Saturday, May 12th, 2012
As you’re well aware, I am horrendously behind on my blog entries (although I always make
bulleted lists of entries to write as they happen, so don’t worry, you’ll have
all the details as they unfolded originally). On this night, I decided to start
trying to play the game of catch-up.
I was maybe a paragraph in when Juan showed up with probably
100 grocery bags. So much for writing…As he unloaded everything, however, I kept
trying to write. Things were going well into almost completing an entire entry
when I realized that he had several bags of flour and two cartons of eggs on
the table, and suddenly began to pour everything out.
Wait, wait, wait! What are you doing!?
Oh, just making pasta for 20-30 family members.
Oh, ok. That’s, you know, 5x the number of people in my family…
I’ve never made pasta by myself before.
Well then making it for 30 people definitely makes sense…
Oh, just making pasta for 20-30 family members.
Oh, ok. That’s, you know, 5x the number of people in my family…
I’ve never made pasta by myself before.
Well then making it for 30 people definitely makes sense…

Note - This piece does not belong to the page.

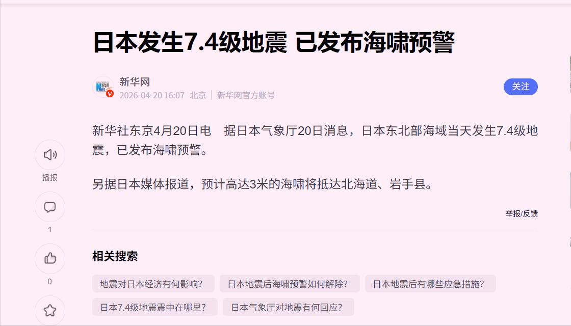 突发!日本发生7.4级地震,东京震感明显! 日本当地时间 4 月 20 日 16 时 53 分,日本东北部沿海直接爆出7.4 级强震,最大震度达到 5 强,连东京都震感明显,全屋晃动那种。 日本气象厅紧急拉响海啸警报,预测岩手、北海道沿岸海啸最高能到 3 米,青森、宫城也有 1 米左右,情况挺危急。日本本身就在地震带上,这种级别的强震不算罕见,但每次都够吓人的。 这次震中在东北沿海,离福岛、宫城很近,这一带之前就多次遭强震和海啸重创,还引发过核泄漏,风险本就高。现在又来 7.4 级地震,还触发海啸预警,当地民众肯定人心惶惶。 希望当地能做好防灾避险,尽量减少伤亡和损失。也提醒在日华人注意安全,远离沿海区域,听从官方指引。 对此,你怎么看?欢迎留言讨论! 我是谭天道地,欢迎关注我。

Before he had all the flour poured out, my laptop was set
aside to take in this spectacle. Ana has made pasta by hand a few times (which,
by the way, is so ungodly delicious it makes me question any pasta I ever ate
before that I thought was good), but never for so many people—plus, she’s kind
of a pro at it whereas Juan was borderline winging it. We googled “making pasta”

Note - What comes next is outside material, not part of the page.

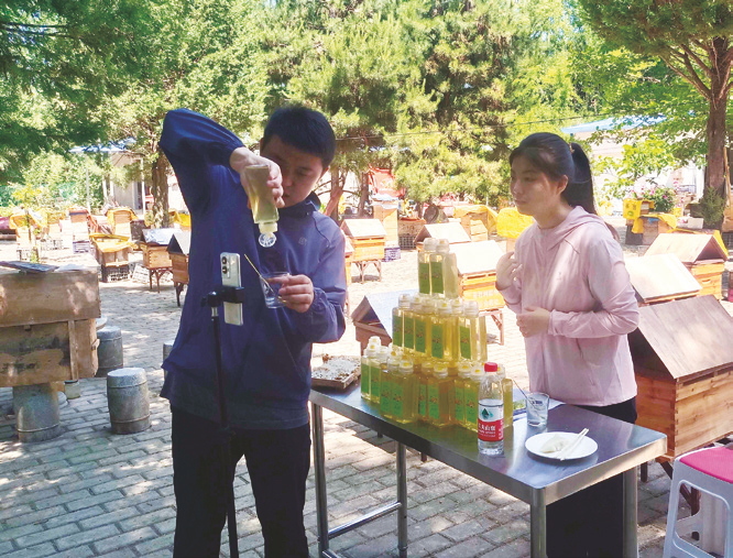 普社村第一場(chǎng)直播開始時(shí),大山深處的大片洋槐花已開到了尾聲。景嘉麗和“90后”鎮(zhèn)紀(jì)檢干部劉勇一起站在鏡頭前,小蜜蜂在旁邊“嗡嗡嗡”地飛來飛去,鎮(zhèn)上干部圍站在鏡頭背后,很多村民也趕來看熱鬧。隨著直播間涌進(jìn)來的網(wǎng)友越來越多,提問也越來越多,兩人逐漸放松:“家人們,我們背后的山上全是洋槐樹,這里沒有污染,洋槐花蜜的品質(zhì)特別好。”首場(chǎng)直播,兩個(gè)小時(shí)賣出了300余單蜂蜜,價(jià)值2萬多元。對(duì)于一個(gè)地處大山深處的小鄉(xiāng)村而言,這個(gè)成績讓所有人喜出望外,也堅(jiān)定了高崖鎮(zhèn)繼續(xù)通過網(wǎng)絡(luò)直播幫助群眾銷售農(nóng)產(chǎn)品的信心,如今助農(nóng)直播成為該鎮(zhèn)常態(tài)化工作之一。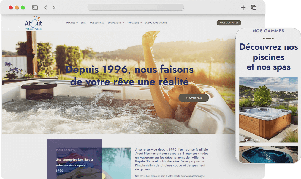 Véritable vitrine en ligne pour Atout Piscines, le nouveau site est plus rapide, plus moderne et plus clair.

just to make sure we were doing it right because it seemed like nothing was
coming together. But after minutes and minutes of mixing the dough, the flour
finally started absorbing into the dense mass and it looked like Juan had
succeeded. Which is to not underscore how much we laughed and doubted the whole
thing for most of the time.
Two massive balls of dough later, and Juan had completed
step one of homemade pasta. Then it was on to the brownies, from scratch…I’ve
never made brownies from scratch, but Juan made it look so easy that I wondered
why I’d been using the nasty prepackaged batter my whole life…They do have some
of these in Argentina, but nobody really uses them because it’s still viable
and understood how to make things by hand and everybody here can tell the
difference between homemade and premade. This is one thing I’m definitely going
to miss about Argentina—land of readable packaging labels (because the
ingredients are actually still real in many cases) and food from scratch. (Ana
is equally fascinated and repulsed by all the prepackaged junk we have in the
US, but you can tell she’s mostly repulsed). Plus I mean come on, if Juan can
do it then I can definitely do it…
Then I retired to my room for a time and came back out to
the delicious smell of warm brownies, as well as 522349798 pounds (or
kilograms, should I say?) of rolled out pasta dough sitting on the table.

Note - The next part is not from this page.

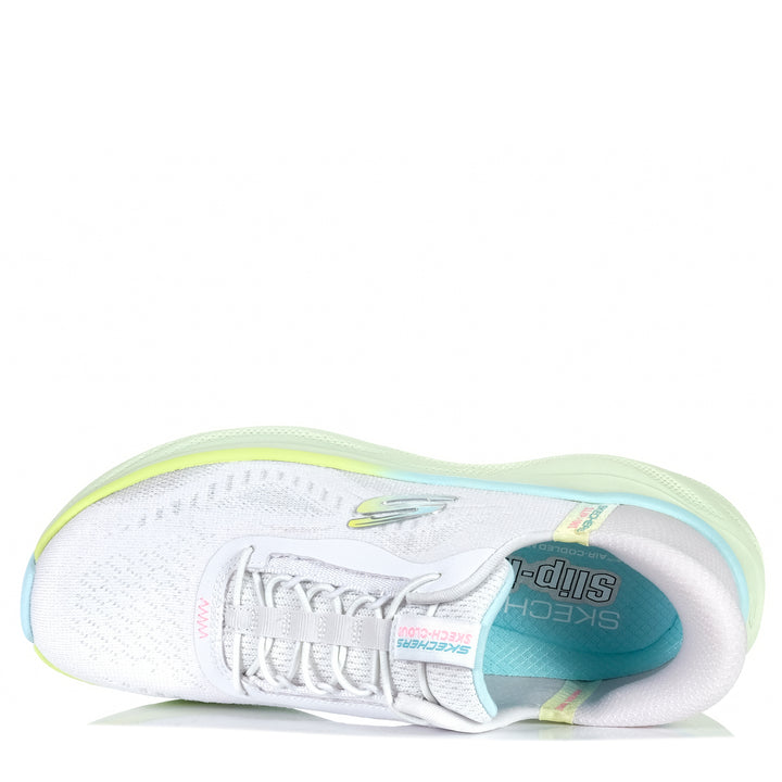Bring cloud-like cushioned comfort to your sporty routine wearing Skechers Hands Free Slip-ins Skech Cloud - Perfectly Plush. Designed with our exclusive Heel Pillow, this breathable vegan style features a monomesh upper with stretch laces, a well-cushioned midsole, and a Skechers Air-Cooled Memory Foam insole.

Because obviously first it must be flattened before it can be cut into the
pasta form. It was seriously an astonishing sight to see the sheer quantity of
pasta that the masses of dough were going to make. We really had a pasta factory
right in the kitchen.
Flour covered everything as Juan and Ana cranked out pasta
on the Pastalinda machine for the next few hours. From start to finish, it took
at least 5 hours to make the pasta. I don’t even want to know how much flour
was used…
Finally, they finished and we had perhaps the biggest pile
of pasta I’d ever seen in my life. It’s really easy to underestimate pasta (I
think every time I make pasta I always have way too much thinking that it’s
barely any…) but this was definitely a solid amount. It might even be too much
for 20 people—imagine that quantity!!!! I gave Juan a big thumbs up, as I was
impressed that he did so well making pasta (for 20+ people) for the first time
ever. Granted, Ana definitely helped…her culinary talents never cease to amaze
me!
And so, the kitchen coated with flour, the pasta party ended
as we waited for the real party for the day to come.